Phdinparenting has a bunch of wonderfully informative and passionate posts about the many reasons to boycott Nestlé. Here's an overview of some of the terrible things about Nestlé from a post called Why I Protest Nestlé's Unethical Business Practices:
  • Promoting infant formula with misleading and harmful strategies that violate the International Code of Marketing of Breastmilk Substitutes and put babies at risk;
  • Using suppliers that violate human rights (e.g. purchasing milk from Mugabe, buying cocoa from suppliers that use child slaves) and destroy the environment (e.g. palm oil from rainforest);
  • Controlling and abusing of water sources in its bottled water operations;
  • Promoting unhealthy food, especially for young children;
  • Trade union busting activities and denying the rights of workers to collectively bargain;
  • ...and more.
Birthing Beautiful Ideas has a great post on what the boycott is—and isn't—about. Namely, it's not about making you feel guilty, asking you to throw out any Nestle products you've already bought, looking down on families who feed formula, or thinking you're a "bad" parent. It is about "judging compaines who violate the International Code of Marketing of Breastmilk Substitutes and whose marketing practices do little to curb the estimated 1.5 million infant and child deaths each year that could have been prevented through improved breastfeeding practices."

So, please join me in boycotting Nestlé this week, even if you can't do it all year 'round.

If you want to help even more, go over to, and email Nestlé about their latest marketing scam that claims their infant formula "protects" babies, and is "The New "Gold Standard" in Infant Nutrition."

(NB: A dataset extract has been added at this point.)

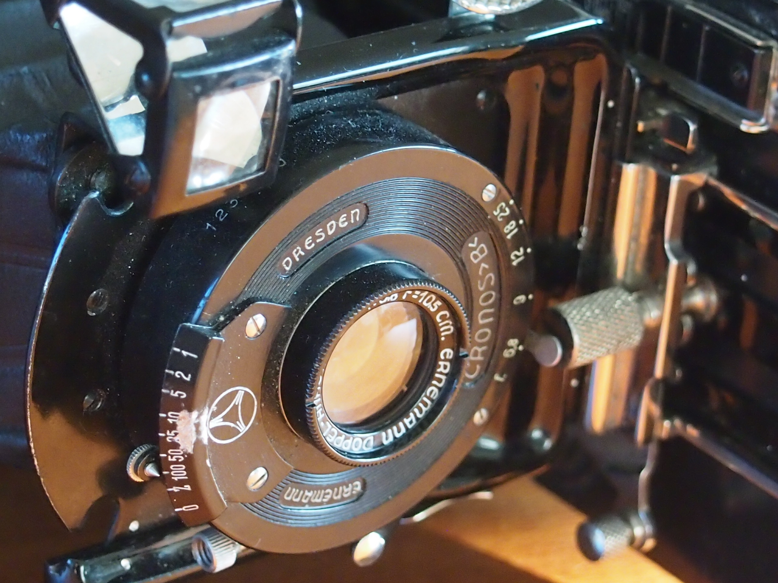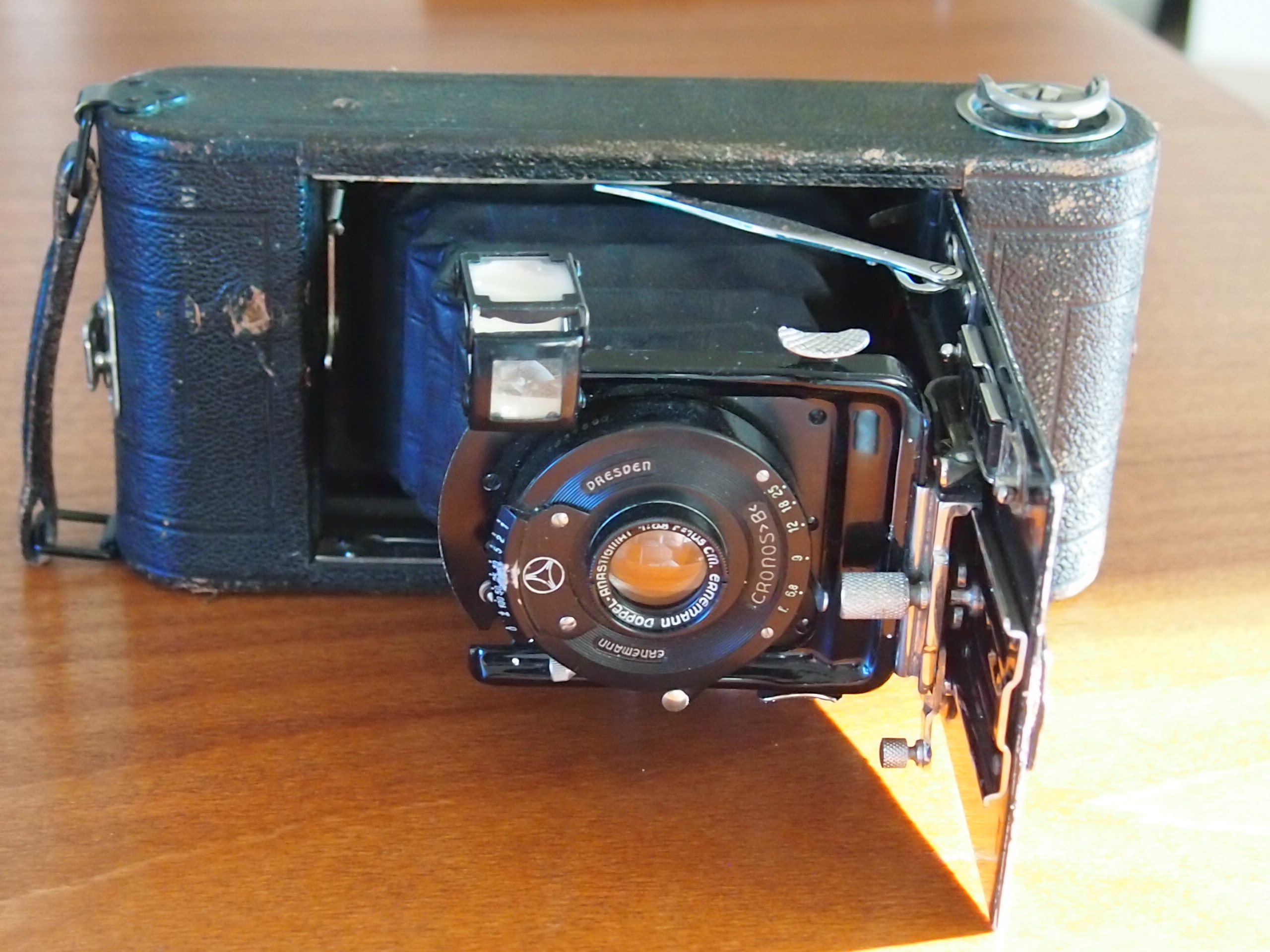 ich bin neu in diesem Forum und hoffe, einige Tips zur oben erwähnten Kamera zu bekommen, die ich kürzlich geschenkt bekommen habe. Es handelt sich um eine Ernemann mit der Bezeichnung Cronos B. Das Objektiv ist ein Doppel Anastigmat mit einer Brennweite von 10.5cm (1:6.8). Zeiten funktionieren und die Linse zeigt keinerlei Staubeinschlüsse und ist glasklar. Ich möchte sie jetzt zu neuem Leben erwecken, habe aber keinerlei Erfahrungen/Ahnung mit diesen Vorkriegsmodellen (ich habe lediglich die Agfa Box und die Agfa Billy Rekord genutzt). Meine Erfahrungen liegen mehr in den Nachkriegsmodellen und ich nutze regelmäßig die Kodak Retina 1a und die Rolleiflex 3.5F. In der Internet Recherche wird diese Kamera als Plattenkamera bezeichnet. Aber es kann eindeutig ein normaler Rollfilm eingelegt werden?? Hierzu fehlt mir allerdings ein "Filmhalter" in den die Rolle eingelegt werden muss. Frage 1: Kann mir jemand weiterhelfen und mir Tips geben wo ich einen solchen Filmhalter bekommen könnte - gibt es in der Community Jemanden der aushelfen kann/so etwas verkaufen würde? Mir ist auch die Funktionsweise des Filmetransports noch unklar. Zwar lässt sich ein Film traditionell per Knopf transportieren, aber es gibt keinerlei Anzeige die mir zeigt (wohl 6x9 Format), ob das nächste Foto bereit ist? Am Rückteil der Kamera befindet sich allerdings eine Klappe mit einem kleinen Faltsack. Diese Klappe gibt natürlich den Blick zur Filmrückseite frei - aber damit würde ich den Film ja belichten? Frage 2: muss ich mir das so vorstellen, dass beim Filmtransport die Kamera mit einem lichtdichten Tuch (über dem Kopf) geschützt werden muss - aber dann wäre es ja wieder so dunkel, dass ich die Filmnummerierung nicht ablesen könnte?! Also die simple Frage: wie funktioniert das?

*Edited later to add: I was mistaken. Cheerios is owned by Nestlé outside the US, Canada, and Australia.


  1. Hi, Amy! What's the Cheerios connection to Nestle? I've been using the graphic from PhD in Parenting as a "cheat sheet," but I don't see General Mills on there. Thanks for this post!

  2. Rachael, you're right! I had looked it up a while ago and ignored the part that says Cheerios is sold by Nestlé in the UK and other countries, but not in the US, Canada, and Australia (where it's sold by General Mills). Thanks for setting me straight!